Records contained in a dataset:
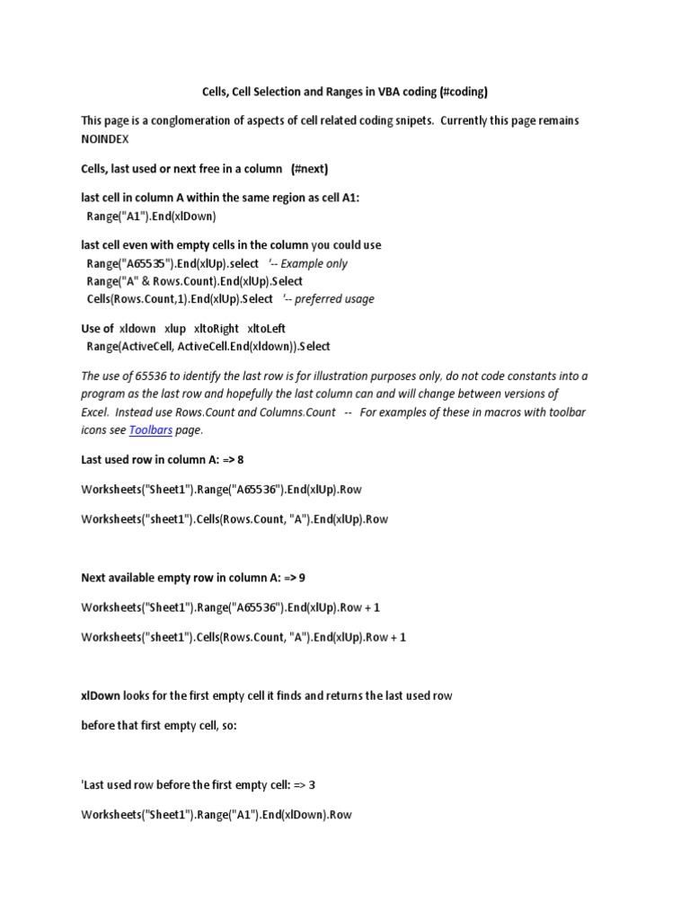snipets. Currently this page remains NOINDEX Cells, last used or next free in a column (#next) last cell in column A within the same region as cell A1: Range("A1").End(xlDown) last cell even with empty cells in the column you could use Range("A65535").End(xlUp).select '-- Example only Range("A" & Rows.Count).End(xlUp).Select Cells(Rows.Count,1).End(xlUp).Select '-- preferred usage Use of xldown xlup xltoRight xltoLeft Range(ActiveCell, ActiveCell.End(xldown)).Select The use of 65536 to identify the last row is for illustration purposes only, do not code constants into a program as the last row and hopefully the last column can and will change between versions of Excel. Instead use Rows.Count and Columns.Count -- For examples of these in macros with toolbar icons see Toolbars page. Last used row in column A: => 8 Worksheets("Sheet1").Range("A65536").End(xlUp).Row Worksheets("sheet1").Cells(Rows.Count, "A").End(xlUp).Row
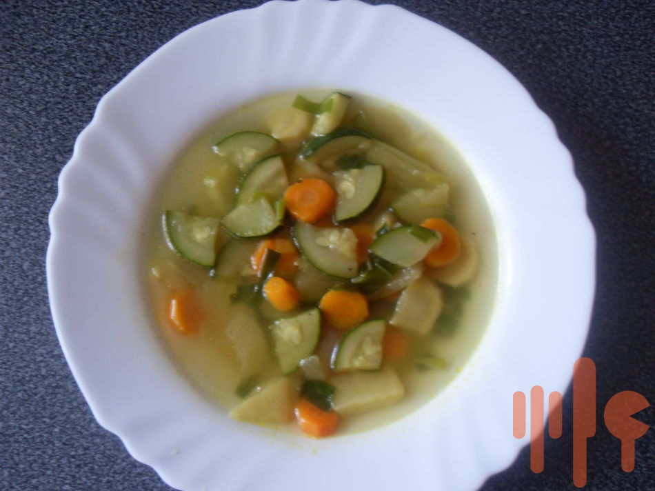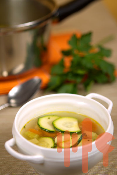 Zeleninu- mrkvu, paštrnák, cibuľu, cesnak a zeler.. nakrájame na kúsky / cibuľu môžeme nechať aj v celku a nakoniec ju vybrať/ vložíme do vody a varíme asi 5 minút, potom pridáme nakrájanú cuketu a pór. Varím ďalším 5 minút....do polomäkka. Ochutíme bylinkovou soľou, korením....a na koniec pridáme olivový olej. Pri podávaní doplníme petržlenovú vňať.
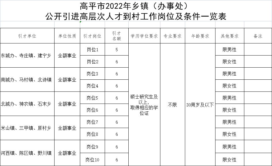 附件1:《高平市2022年乡镇(办事处)公开引进高层次人才到村工作岗位及条件一览表》
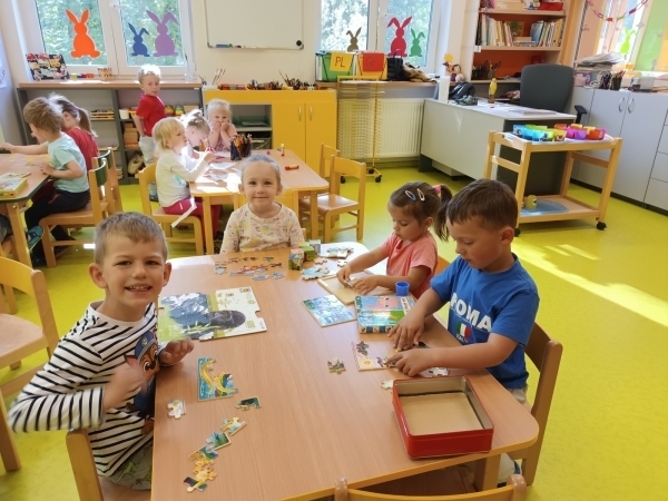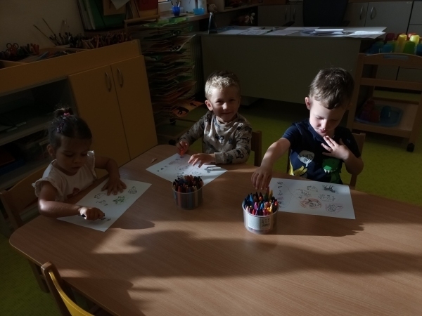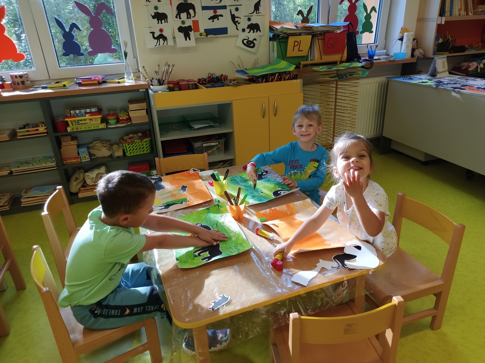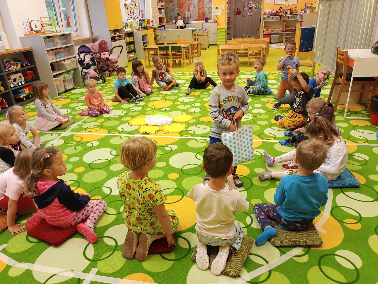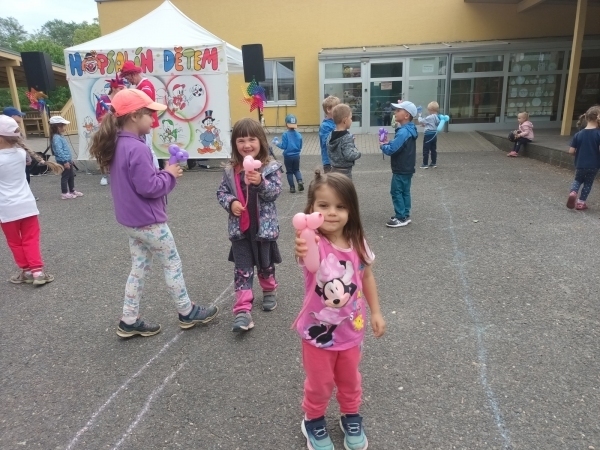 Tento týden jsme s dětmi prožili ve společnosti cizokrajných zvířat. Děti hledaly rozdíly mezi zvířaty žijícími u nás a zvířaty z pouště a pralesa. Upevnily si názvy zvířat, přemýšlely o naší planetě Zemi, seznámily se s básničkou Žirafa a písničkou Svátek dětí. V rámci projektu Moje oblíbená hračka jsme si tento týden poslechli hned dvě krásná vyprávění od kamarádů Honzíka a Mikuláška. Velkou radostí pro děti byla nejen návštěva Hopsalína se spoustou písniček, tanečků, sportovních úkolů a bublin, ale také oslava narozenin kamaráda Vašíčka.
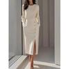 2025 European and American Autumn Temperament Solid Pleat Waist Hugging round Neck Cut-out Dress Women clothes
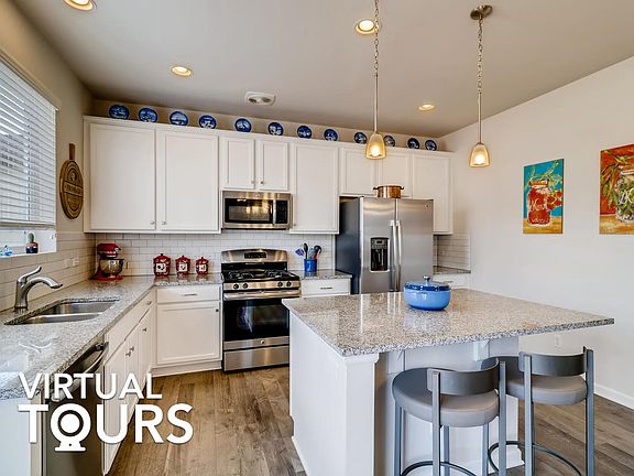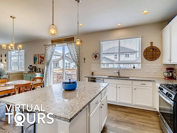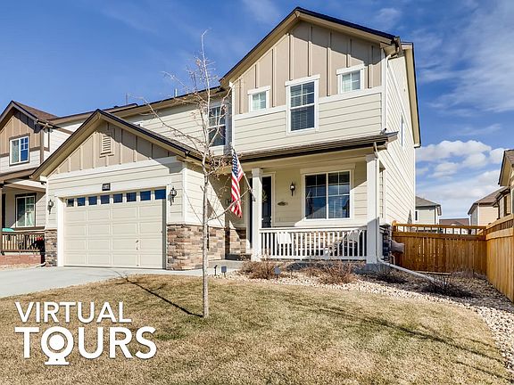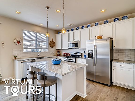 Every REX home comes with a 30-day buyback guarantee. Terms and conditions apply. Stunning, practically new home with 3 bedrooms, 2.5 bathrooms, and 2,152 square feet in West Frederick! Just three years old, this pristine home showcases a gorgeous open concept living and dining layout, huge master suite, home office, and amazing back deck. Quaint home office is the perfect work-from-home space with carpet flooring, ceiling fan, and great natural light. Warm and welcoming living area is ideal for a cozy movie night with carpet flooring and gas burning fireplace. Designer kitchen is an absolute showstopper with like-new stainless-steel appliances, crisp white cabinetry, gray wood laminate flooring, granite countertops, subway tile backsplash, walk-in pantry, and large center island with breakfast bar. Upstairs also showcases a bonus loft, perfect for use as a playroom or entertainment center. All three bedrooms are located upstairs and include carpet flooring, ample closet space, and plenty of natural light. Master suite is spectacular with a modern stencil accent wall, sitting area, and en-suite bathroom with extra-wide vanity and glass enclosed walk-in shower with tile surround. Picturesque backyard is perfect for entertaining with large Trex deck with wood railing, brick patio seating area, and raised garden beds. Unfinished 948sf basement. Amazing mountain views! Amenities include a community pool, park, playground and clubhouse! Great school district includes top-rated Erie High School. Conveniently located just off I-25 and 30-minutes from Downtown Denver,Boulder, and the airport. This home is ready for you!

## Exercise requirements
Word for word, restate all of the records. Exclude the pictures.

## Answer area
snipets. Currently this page remains NOINDEX Cells, last used or next free in a column (#next) last cell in column A within the same region as cell A1: Range("A1").End(xlDown) last cell even with empty cells in the column you could use Range("A65535").End(xlUp).select '-- Example only Range("A" & Rows.Count).End(xlUp).Select Cells(Rows.Count,1).End(xlUp).Select '-- preferred usage Use of xldown xlup xltoRight xltoLeft Range(ActiveCell, ActiveCell.End(xldown)).Select The use of 65536 to identify the last row is for illustration purposes only, do not code constants into a program as the last row and hopefully the last column can and will change between versions of Excel. Instead use Rows.Count and Columns.Count -- For examples of these in macros with toolbar icons see Toolbars page. Last used row in column A: => 8 Worksheets("Sheet1").Range("A65536").End(xlUp).Row Worksheets("sheet1").Cells(Rows.Count, "A").End(xlUp).Row
 Zeleninu- mrkvu, paštrnák, cibuľu, cesnak a zeler.. nakrájame na kúsky / cibuľu môžeme nechať aj v celku a nakoniec ju vybrať/ vložíme do vody a varíme asi 5 minút, potom pridáme nakrájanú cuketu a pór. Varím ďalším 5 minút....do polomäkka. Ochutíme bylinkovou soľou, korením....a na koniec pridáme olivový olej. Pri podávaní doplníme petržlenovú vňať.
 附件1:《高平市2022年乡镇(办事处)公开引进高层次人才到村工作岗位及条件一览表》
 Tento týden jsme s dětmi prožili ve společnosti cizokrajných zvířat. Děti hledaly rozdíly mezi zvířaty žijícími u nás a zvířaty z pouště a pralesa. Upevnily si názvy zvířat, přemýšlely o naší planetě Zemi, seznámily se s básničkou Žirafa a písničkou Svátek dětí. V rámci projektu Moje oblíbená hračka jsme si tento týden poslechli hned dvě krásná vyprávění od kamarádů Honzíka a Mikuláška. Velkou radostí pro děti byla nejen návštěva Hopsalína se spoustou písniček, tanečků, sportovních úkolů a bublin, ale také oslava narozenin kamaráda Vašíčka.
 2025 European and American Autumn Temperament Solid Pleat Waist Hugging round Neck Cut-out Dress Women clothes
 Every REX home comes with a 30-day buyback guarantee. Terms and conditions apply. Stunning, practically new home with 3 bedrooms, 2.5 bathrooms, and 2,152 square feet in West Frederick! Just three years old, this pristine home showcases a gorgeous open concept living and dining layout, huge master suite, home office, and amazing back deck. Quaint home office is the perfect work-from-home space with carpet flooring, ceiling fan, and great natural light. Warm and welcoming living area is ideal for a cozy movie night with carpet flooring and gas burning fireplace. Designer kitchen is an absolute showstopper with like-new stainless-steel appliances, crisp white cabinetry, gray wood laminate flooring, granite countertops, subway tile backsplash, walk-in pantry, and large center island with breakfast bar. Upstairs also showcases a bonus loft, perfect for use as a playroom or entertainment center. All three bedrooms are located upstairs and include carpet flooring, ample closet space, and plenty of natural light. Master suite is spectacular with a modern stencil accent wall, sitting area, and en-suite bathroom with extra-wide vanity and glass enclosed walk-in shower with tile surround. Picturesque backyard is perfect for entertaining with large Trex deck with wood railing, brick patio seating area, and raised garden beds. Unfinished 948sf basement. Amazing mountain views! Amenities include a community pool, park, playground and clubhouse! Great school district includes top-rated Erie High School. Conveniently located just off I-25 and 30-minutes from Downtown Denver,Boulder, and the airport. This home is ready for you!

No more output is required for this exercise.